Обхожу угодья, примечая чужие следы и звериные тропы.
К десяти – уже на станции.
Сразу стучу в дверь к Наталье, она сама отыщет всё, что необходимо. Так уж у нас годами заведено, что с каждого заказника смотритель захаживает к Наталье – передохнуть, расслабиться, оттянуться в постели с охочей до мужской плоти развратницы, плотно поесть да разжиться необходимым.
– Здравствуй, Тихон, – улыбается женщина, распахнув настежь двери. – Не ждала я тебя так рано.
– Здравствуй, Наталья, гости у меня, не хочу надолго в глуши оставлять, – поясняю.
– Гости? – удивляется. – Это кто ж такой смелый, чтобы к самому Тихону наведаться?
Я молчу, закрывая тему.
Она всё понимает. Привыкла с угрюмыми мужиками дело иметь: не расшаркиваемся, не ласкаем. Лишь плотские утехи предоставляем. Грех во грехе.
Ведёт в кухню, накладывает целую тарелку жратвы и огромный ломоть хлеба. Пока жую, рассказывает последние новости. Наливает кофе покрепче, знает, чего я люблю, и вздыхает:
– Ох, Тихон, а меня ты в гости не зовёшь.
– Никого не зову, – огрызаюсь я. – А то ты мало по избушкам гостишь!
– Так то не твои, – усмехается она порочно.
– А в моей и без тебя тесно, – бросаю. – Ты мне лучше, Наталья, скажи вот что: у тебя же вроде дочь была?
– Почему была? – удивляется. – Есть, в городе, замужем.
– А вещи остались какие-нибудь? Не очень большого размера?
– А тебе зачем? – любопытничает.
– Спрашиваю, значит, за надом.
– Само собой, – кивает. – Удовлетвори любопытство, а?
– Говорю же – гости у меня, сумку у них в поезде увели. Мужской одежды у меня есть по малости, а вот женской – отродясь не водилось. А девчушка тонет в моей одёжке.

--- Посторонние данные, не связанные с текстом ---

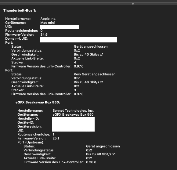 Das ganze ist an einem Thunderbolt mit 40 Gbit/s angeschlossen, also auch kein Flaschenhals
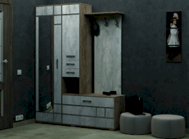 Состоит из полки с крючками, тумбы и шкафа с выдвижной штангой.
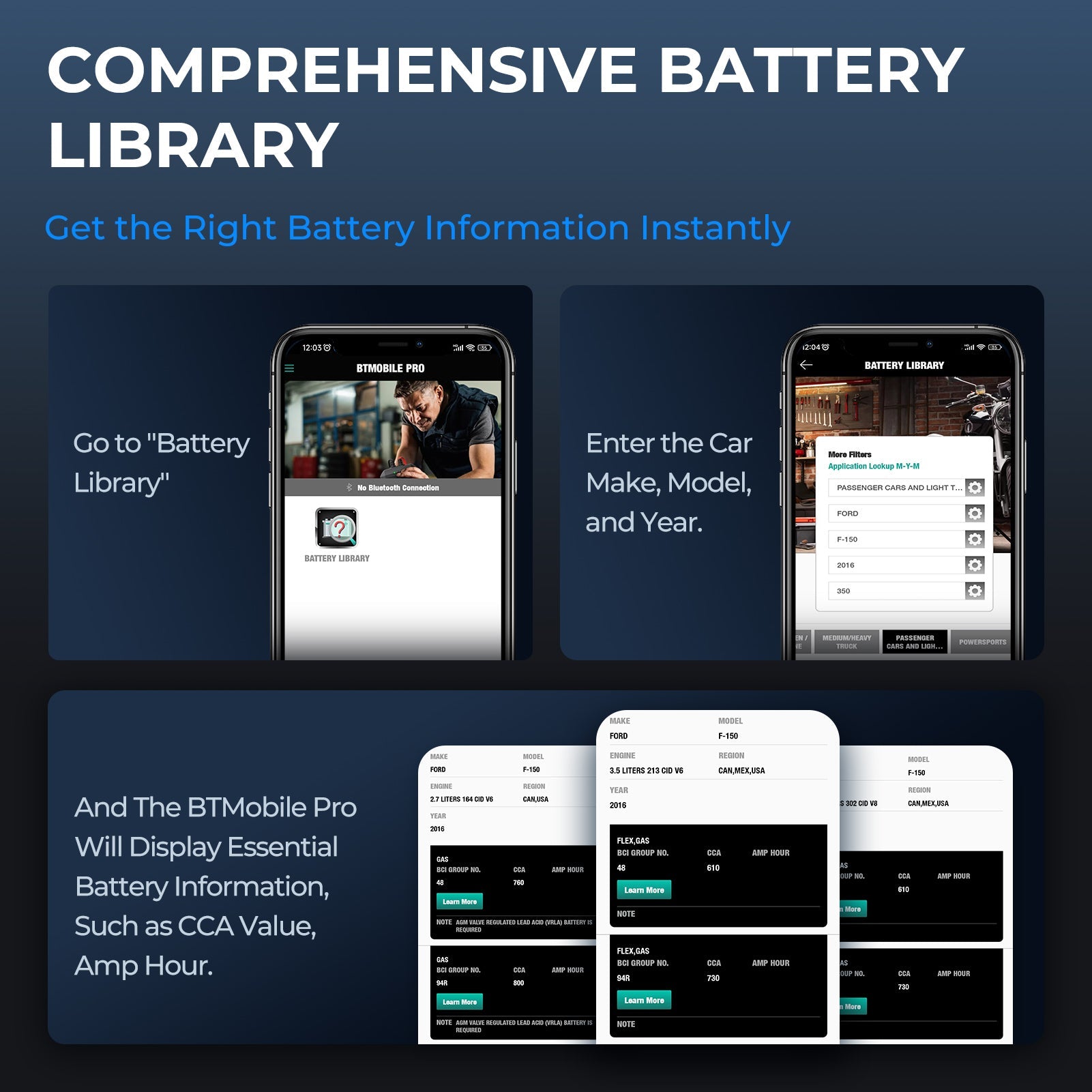 Comprehensive Battery Library: Even if a battery label is unrecognizable, the BTMobile Pro's battery library has extensive coverage to find your battery's most important information.
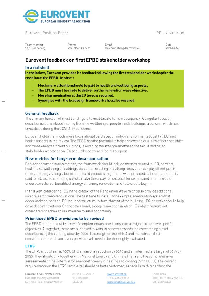 In the below, Eurovent provides its feedback following the first stakeholder workshop for the revision of the EPBD. In short:

Наталья бросает на меня удивлённый взгляд с примесью ревности.
– Размер знаешь?
– На глаз подберу, – киваю женщине.
Возле шкафа теряюсь. Надо бы девчонку в город свозить да новых тряпок купить, пусть сама бы и выбрала. Одёргиваю свои мысли – девчонку нужно домой отправлять и не думать о глупых нарядах.
– Что предложить тебе, Тихон?
– Откуда я знаю, что вам, бабам, надо?
Она усмехается и начинает доставать шмотки. Коротко оцениваю размер и складываю в кучу, что должно подойти. Хватаю, почти не глядя.
– Бельё? Колготки? Верхняя одежда? Обувь? – спрашивает Наталья.
– Да, говорю же, ничего нет.
– Чистое, но пару раз одёванное, – выкладывает она стопку трусов и пару лифчиков. – Подойдёт?
Смотрит, лиса окаянная, на мою реакцию.
А бельё совсем не как у моей девчушки, не простое, хлопковое, не закрытое. Почти всё – в кружевах да блёстках. Даже лоб испариной покрылся от тяжёлых фантазий.
– Подойдёт, – бросаю в ответ. – А нет, так назад всё верну, не переживай.
– Что-то ещё нужно? – спрашивает, пока я вещи в рюкзак складываю.
– Средства гигиены, – морщась бросаю. – Сама постесняется сказать, но может понадобиться.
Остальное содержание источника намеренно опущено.